§ Task description:
Starting at the line holding "Θήκη τηλεφώνου Samsung" and finishing at the line holding "[서울=뉴스핌] 최상수 기자", transcribe the material exactly, keeping both ends but no pictures.

§ Provided data:
*** Block opens ***

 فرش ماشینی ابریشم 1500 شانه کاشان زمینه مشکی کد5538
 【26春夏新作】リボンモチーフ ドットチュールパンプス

*** Block closes ***
*** Block opens ***

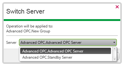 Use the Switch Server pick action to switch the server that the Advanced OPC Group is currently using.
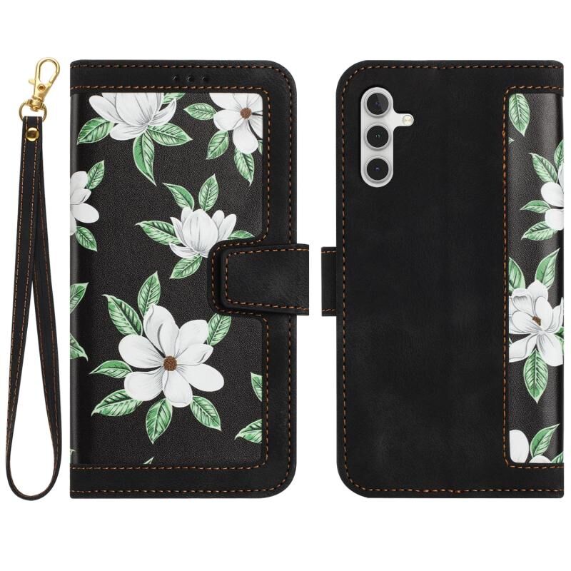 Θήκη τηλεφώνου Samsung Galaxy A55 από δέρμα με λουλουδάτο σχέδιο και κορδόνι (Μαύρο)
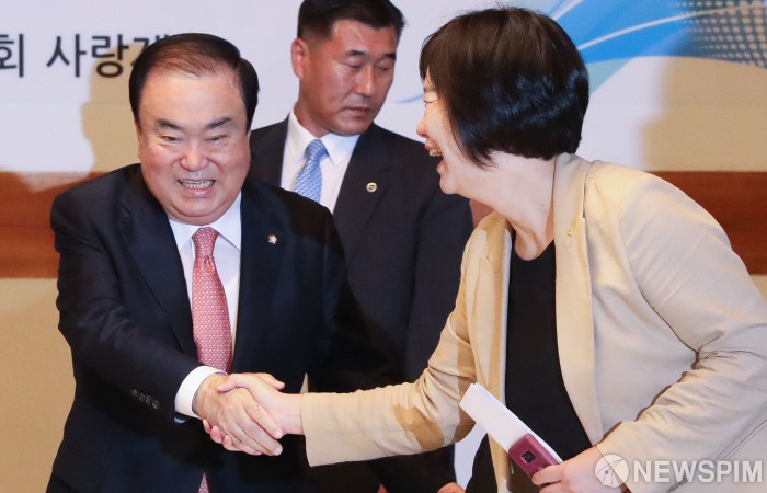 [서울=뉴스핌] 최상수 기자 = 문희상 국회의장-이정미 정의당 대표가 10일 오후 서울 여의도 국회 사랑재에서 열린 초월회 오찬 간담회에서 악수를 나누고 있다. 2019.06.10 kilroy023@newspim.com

*** Block closes ***

§ Answer to this exercise:
 Θήκη τηλεφώνου Samsung Galaxy A55 από δέρμα με λουλουδάτο σχέδιο και κορδόνι (Μαύρο)
 [서울=뉴스핌] 최상수 기자 = 문희상 국회의장-이정미 정의당 대표가 10일 오후 서울 여의도 국회 사랑재에서 열린 초월회 오찬 간담회에서 악수를 나누고 있다. 2019.06.10 kilroy023@newspim.com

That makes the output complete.